*TASK TO COMPLETE*
When you reach the line with "Skinny German Inked", start repeating the lines exactly and keep going to the end of the records, but drop every picture.

[Stored data]

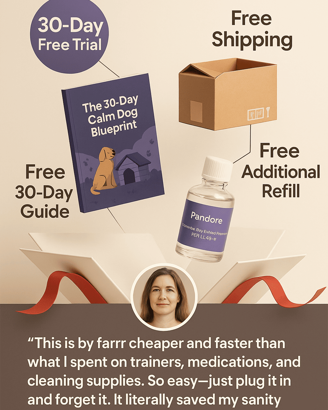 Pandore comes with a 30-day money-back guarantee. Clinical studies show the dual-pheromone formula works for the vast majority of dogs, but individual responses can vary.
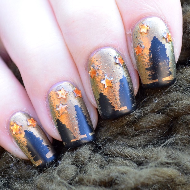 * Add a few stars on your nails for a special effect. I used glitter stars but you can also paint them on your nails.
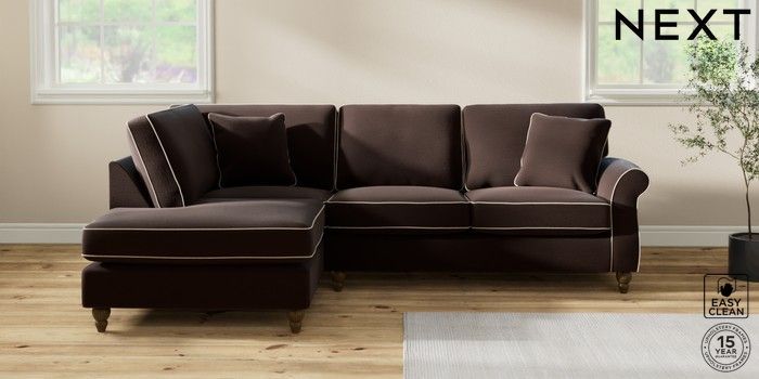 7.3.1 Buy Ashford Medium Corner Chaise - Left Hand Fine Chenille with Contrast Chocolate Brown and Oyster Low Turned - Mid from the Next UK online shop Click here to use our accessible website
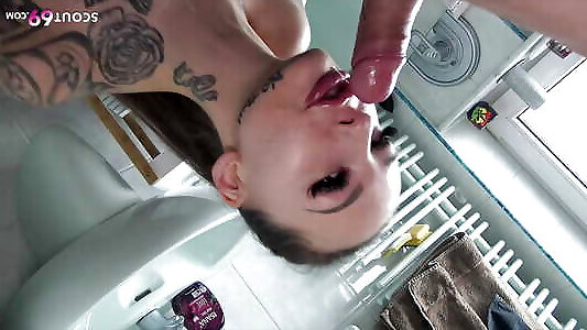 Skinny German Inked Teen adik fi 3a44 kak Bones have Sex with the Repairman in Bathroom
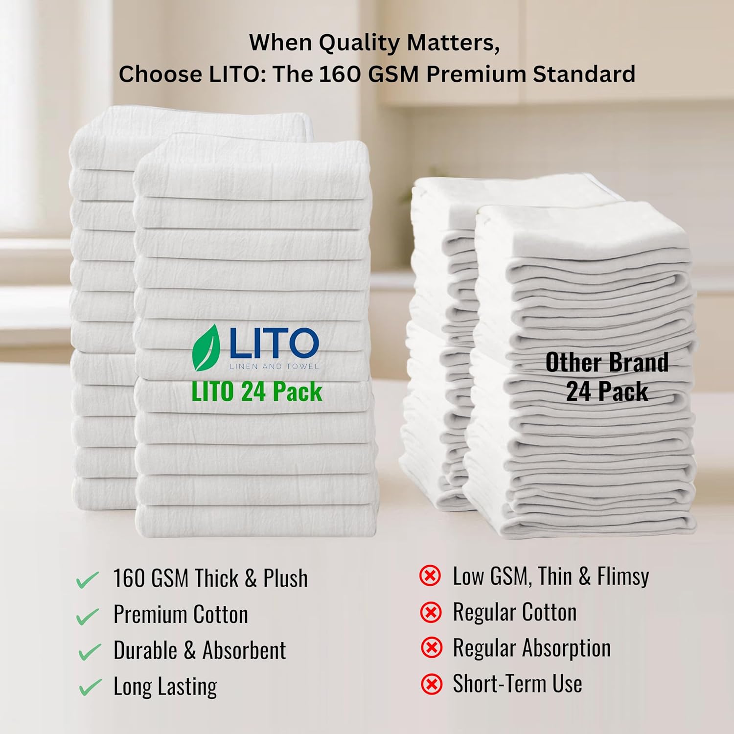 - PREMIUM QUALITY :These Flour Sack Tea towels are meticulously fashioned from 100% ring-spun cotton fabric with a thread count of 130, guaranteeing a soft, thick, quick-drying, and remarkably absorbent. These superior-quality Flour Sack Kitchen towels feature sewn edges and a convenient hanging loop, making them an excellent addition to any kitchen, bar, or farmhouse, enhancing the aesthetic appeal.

*PROBLEM SOLUTION*
 Skinny German Inked Teen adik fi 3a44 kak Bones have Sex with the Repairman in Bathroom
 - PREMIUM QUALITY :These Flour Sack Tea towels are meticulously fashioned from 100% ring-spun cotton fabric with a thread count of 130, guaranteeing a soft, thick, quick-drying, and remarkably absorbent. These superior-quality Flour Sack Kitchen towels feature sewn edges and a convenient hanging loop, making them an excellent addition to any kitchen, bar, or farmhouse, enhancing the aesthetic appeal.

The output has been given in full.